You update the record status to indicate that the record is valid.
- - You determine that the record does not contain any valid data.
You update the record status to indicate that the record is not valid.
- - You decide that you cannot verify the accuracy of the record.
You update the record status to indicate that the record needs further analysis by another user or by another Informatica process.
Note: Before you update a record, verify that the task is open in edit mode. To enter edit mode, click the Edit button in the open task.
- 4. When you finish work on all of the records in the task, you update the task status. The task status indicates that the records are ready for the next stage in the data quality process.
The next stage for the data depends on the configuration of the Human task. For example, the Human task might include additional steps that assign the records to other users for review.
When the Human task completes, the next stage of the workflow begins.
Duplicate Records Example
You are a data steward at a bank. You are concerned that multiple records in the customer account tables might contain the same information. The duplicate records might represent data entry errors, or they might represent fraudulent customer activity.
You define the following process to find the duplicate records and to identify a single preferred version of each set of records:
- 1. You ask a developer to configure one or more mappings to identify the duplicate records.
The mappings calculate a set of numeric scores that represent the levels of duplication between the data values in the records. High scores indicate duplicate records, and low scores indicate unique records. Some records have marginal scores that indicate that the duplicate status of the records is uncertain.
- 2. The developer configures an additional mapping that reads the numeric scores. The developer adds the mapping to a workflow that includes a Mapping task and a Human task.
- - The Mapping task runs the mapping. The Mapping task writes the records to different tables based on the scores that they contain.
- - The Human task distributes the records with marginal scores to tasks that you and other users can open in the Analyst tool.
- 3. You log in to the Analyst tool, and you open a task.
The Analyst tool organizes the records in a series of clusters. Each cluster contains two or more records that contain similar information. By default, the first record in a cluster is the preferred record.
- 4. Open a cluster, and analyze the records that it contains.
You perform the following actions in each cluster:
- - You examine the data values in each column of record data. You select the most accurate value in each column and promote the value to the preferred record.
You can edit the values that you select, and you can search for records that contain common values in other clusters.
- - If a record does not belong in the current cluster, you move it to another cluster or you create a cluster for the record.
- - You update the cluster status to indicate that you reviewed the cluster.

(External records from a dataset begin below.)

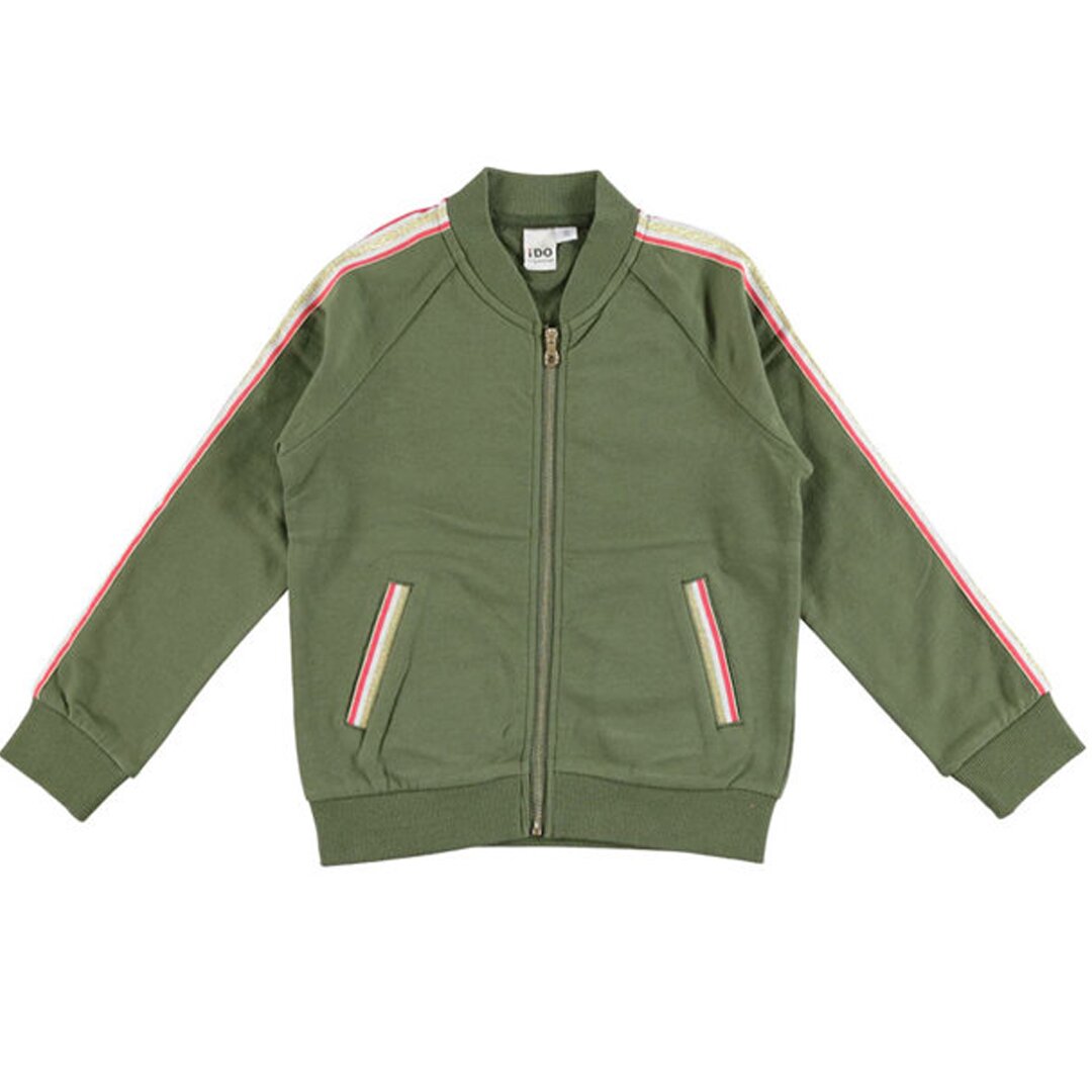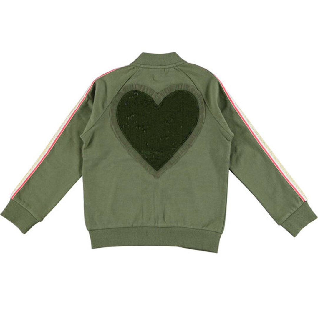 Модная кофта в стиле спорт-кэжуал для девочек 12 лет. Имеет капюшон и рукава-регланы. Застегивается на молнию. Декорирована красно-белыми лентами на рукавах и карманах, большим сердцем-аппликацией на спине. Украшена манжетами-резинками на горловине, рукавах, по низу. Состав: 95% хлопок, 5% эластан. Цвет: хаки.
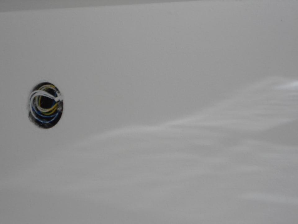 Im Bad (!) ein Loch mit offenliegenden Kabeln!
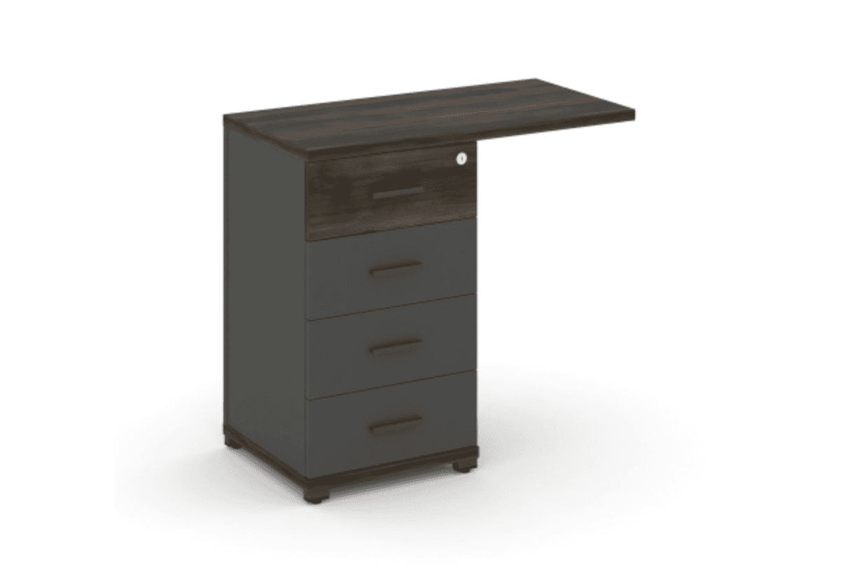 Тумба приставная узкая со свесом 4 ящика - антрацит, дуб мали
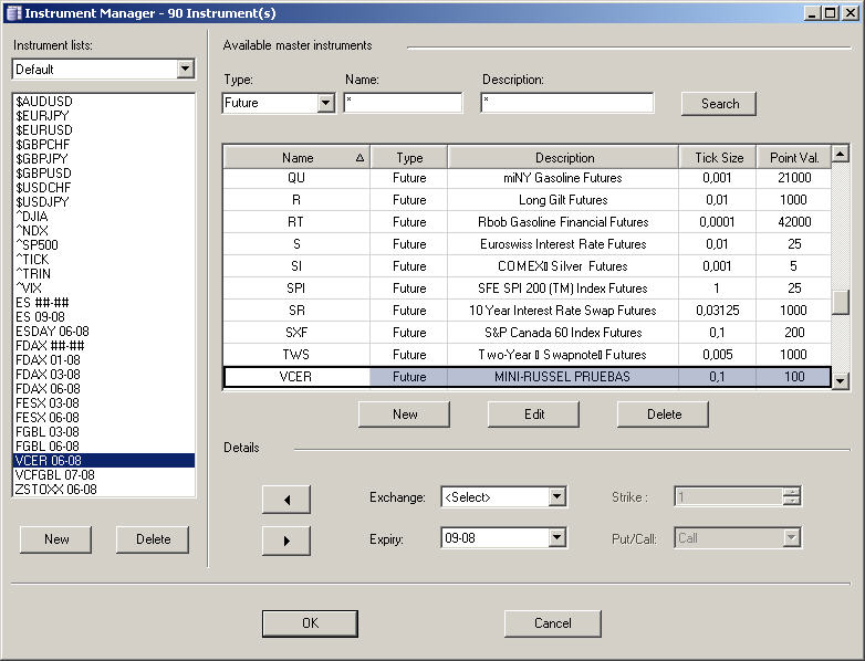 Finally I add the VCER with Exchange=Default and Expiry=06-08 to Default list.
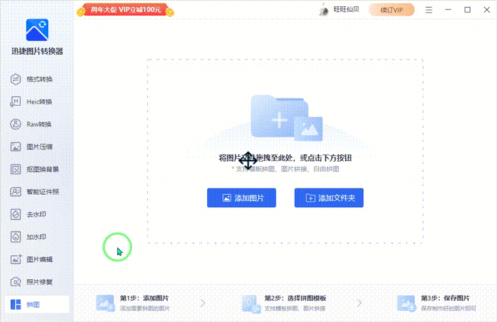 这是一款电脑端的图片处理工具,软件内包含了格式转换、图片压缩、抠图换背景、去水印、照片修复和拼图等多个实用功能,接下来就为大家展示几个常用的功能效果吧!
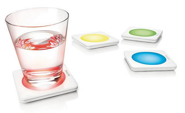 现在给大家介绍一个新奇有创意的小玩意儿。如果大家喜欢社交,经常出没各种party,就会知道一个普遍的问题,那就是我们往往分辨不出自己的杯子是哪一个。在这个时候是非常尴尬的,作为做灯具出名的飞利浦公司就帮您解决了这个问题,它设计研发了一款发光杯垫,无论你在什么样的场合,多彩的、淡雅的光线都能够将众多杯子轻松区分开,方便又好看。
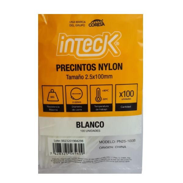 PRECINTO DE NYLON 2.5MM X100MM - BLANCO X 100 UNIDADES INTECK
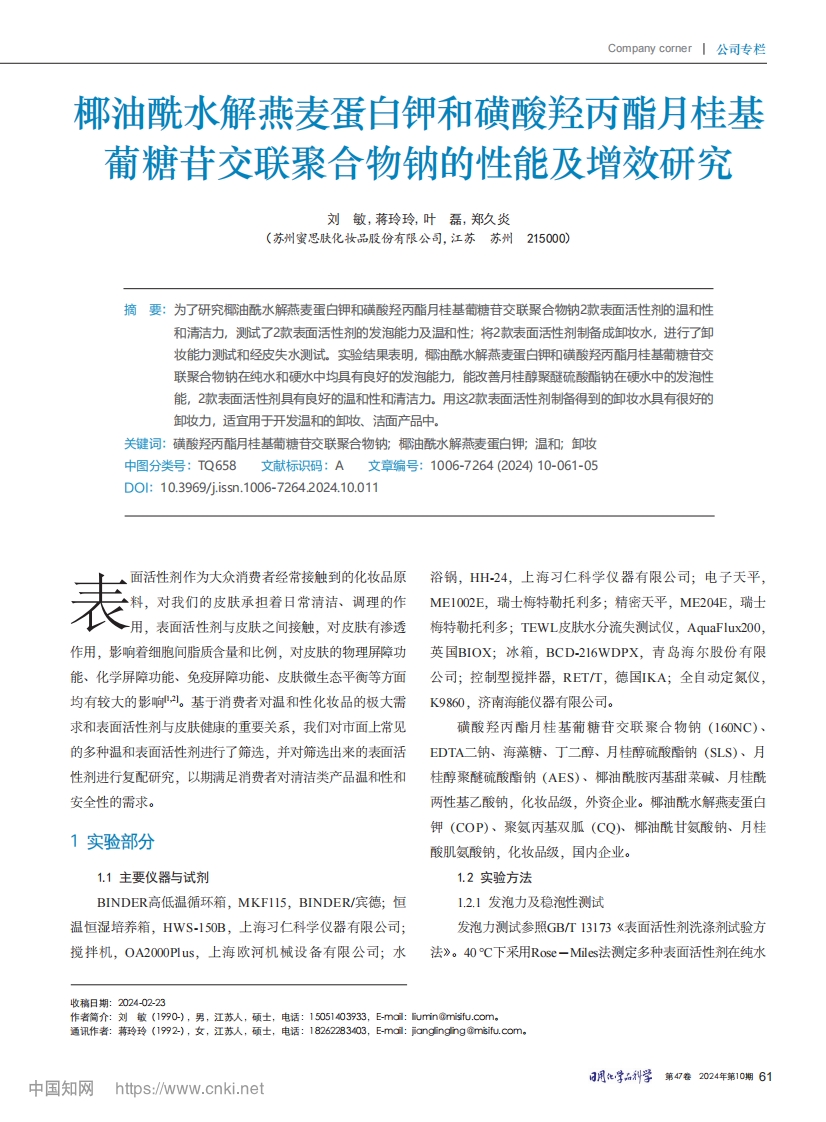 椰油酰水解燕麦蛋白钾和磺酸羟丙酯月桂基葡糖苷交联聚合物钠的性能及增效研究

You complete the task when you verify the current preferred record in every cluster.
Note: Before you update a record, verify that the task is open in edit mode. To enter edit mode, click the Edit button in the open task.
- 5. When you finish work on all of the clusters in the task, you update the task status. The task status indicates that the records are ready for the next stage in the data quality process.
The next stage for the data depends on the configuration of the Human task. For example, the Human task might include additional steps that assign the clusters to other users for review.
When the Human task completes, the next stage of the workflow begins.